**Problem statement:**
Write out the data again exactly, skipping every picture.

**Information provided:**
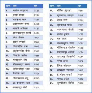 ३५ खुल्ला केन्द्रीय सदस्यका लागि ९९ जना प्रतिस्पर्धामा रहेका थिए । तीमध्ये डा. शशांक कोइराला सर्वाधिक मतसहित विजयी भएका छन् । विजयी ३५ केन्द्रीय सदस्यले पाएको मत यसप्रकार छः
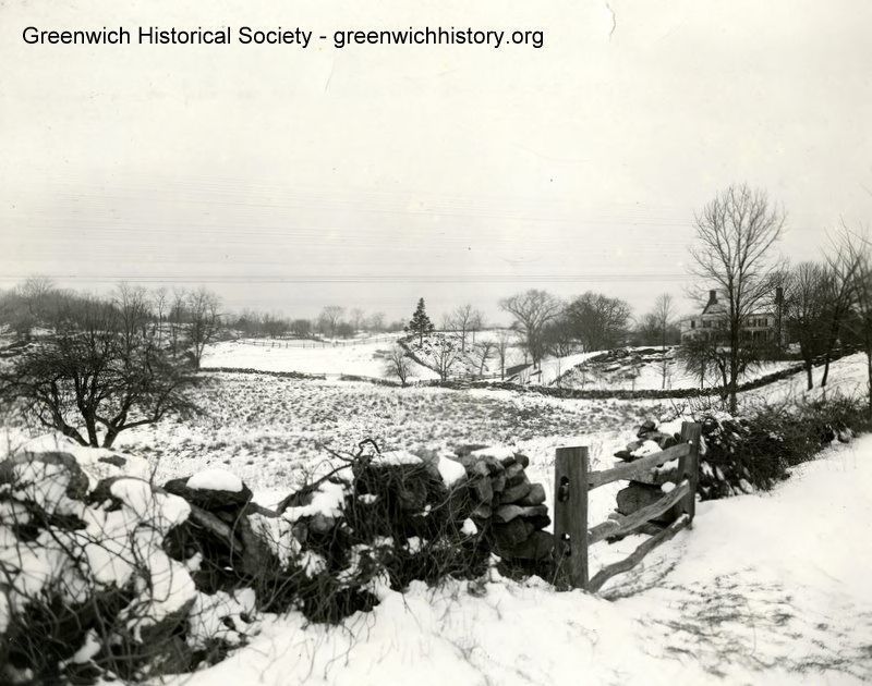 Distant view of Colonial style home on 60 acres of land in the winter. The view is from the fields, with a stone wall and small fense in the foreground and trees, more stone walls and the house in the background.Collection
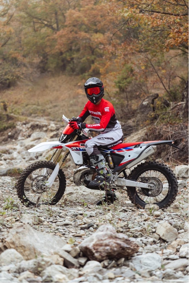 中でも唯一無二といえるのがXEF310だ。アクセル=セムが2025年のジュニア・世界チャンピオンを獲得し、その名を轟かせたこのモデルは、パワーと扱いやすさが完璧にバランスしたマシンとして、多くのファンを獲得してきた。2026年モデルでは、新しい環境規制Euro-5+に適合しながらも、エンジン/シャシーを一新。250㏄クラスの操作感を得ながらも450㏄クラスのパワーを誇るXEF310には、クラスを超えた魅力が凝縮されている。エンジンは新しいエキゾーストが用意され、Athena製のECUはハンドルバーでのセレクタブル・マップと10段階のトラクションコントロールを装備。もちろんスマートホンに提供されるアプリを使っての細やかなチューニングにも対応し、さらにスタート/キルスイッチを新しく、より転倒などの破損にも対応しやすい形状で用意した。
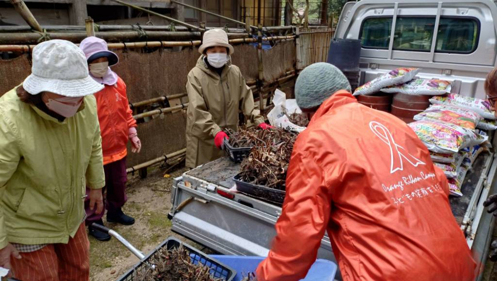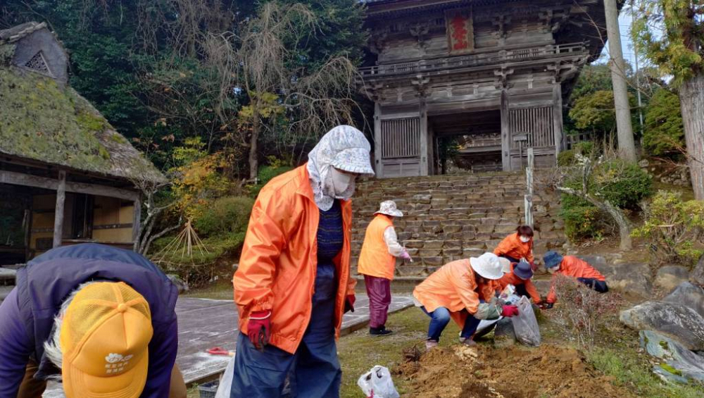 🔶晴天に恵まれた12月2日、本山妙成寺にて羽咋市の市民団体フラワーメイトの皆様による「シャクヤク」の花の株を境内に植えるご奉納がありました。フラワーメイトの皆様は、羽咋市の公共施設にも花壇の整備などに取り組まれ、本年石川県知事からも功労者の表彰を受賞されています。このたび妙成寺の国宝化推進の為にも花で支援をしたいと有り難いお申し出があり、奉仕でシャクヤク30株が池の周りに植えられました。代表の浅野由美子さんはじめ8名のメンバーが手にスコップを持ち作業されました。来年5月下旬に花を咲かせる予定です。その際は多くの方にシャクヤクの花を見に妙成寺に来て頂きたいと思います。フラワーメイトの皆様、ありがとうございました。

**Response for this exercise:**
 ३५ खुल्ला केन्द्रीय सदस्यका लागि ९९ जना प्रतिस्पर्धामा रहेका थिए । तीमध्ये डा. शशांक कोइराला सर्वाधिक मतसहित विजयी भएका छन् । विजयी ३५ केन्द्रीय सदस्यले पाएको मत यसप्रकार छः
 Distant view of Colonial style home on 60 acres of land in the winter. The view is from the fields, with a stone wall and small fense in the foreground and trees, more stone walls and the house in the background.Collection
 中でも唯一無二といえるのがXEF310だ。アクセル=セムが2025年のジュニア・世界チャンピオンを獲得し、その名を轟かせたこのモデルは、パワーと扱いやすさが完璧にバランスしたマシンとして、多くのファンを獲得してきた。2026年モデルでは、新しい環境規制Euro-5+に適合しながらも、エンジン/シャシーを一新。250㏄クラスの操作感を得ながらも450㏄クラスのパワーを誇るXEF310には、クラスを超えた魅力が凝縮されている。エンジンは新しいエキゾーストが用意され、Athena製のECUはハンドルバーでのセレクタブル・マップと10段階のトラクションコントロールを装備。もちろんスマートホンに提供されるアプリを使っての細やかなチューニングにも対応し、さらにスタート/キルスイッチを新しく、より転倒などの破損にも対応しやすい形状で用意した。
 🔶晴天に恵まれた12月2日、本山妙成寺にて羽咋市の市民団体フラワーメイトの皆様による「シャクヤク」の花の株を境内に植えるご奉納がありました。フラワーメイトの皆様は、羽咋市の公共施設にも花壇の整備などに取り組まれ、本年石川県知事からも功労者の表彰を受賞されています。このたび妙成寺の国宝化推進の為にも花で支援をしたいと有り難いお申し出があり、奉仕でシャクヤク30株が池の周りに植えられました。代表の浅野由美子さんはじめ8名のメンバーが手にスコップを持ち作業されました。来年5月下旬に花を咲かせる予定です。その際は多くの方にシャクヤクの花を見に妙成寺に来て頂きたいと思います。フラワーメイトの皆様、ありがとうございました。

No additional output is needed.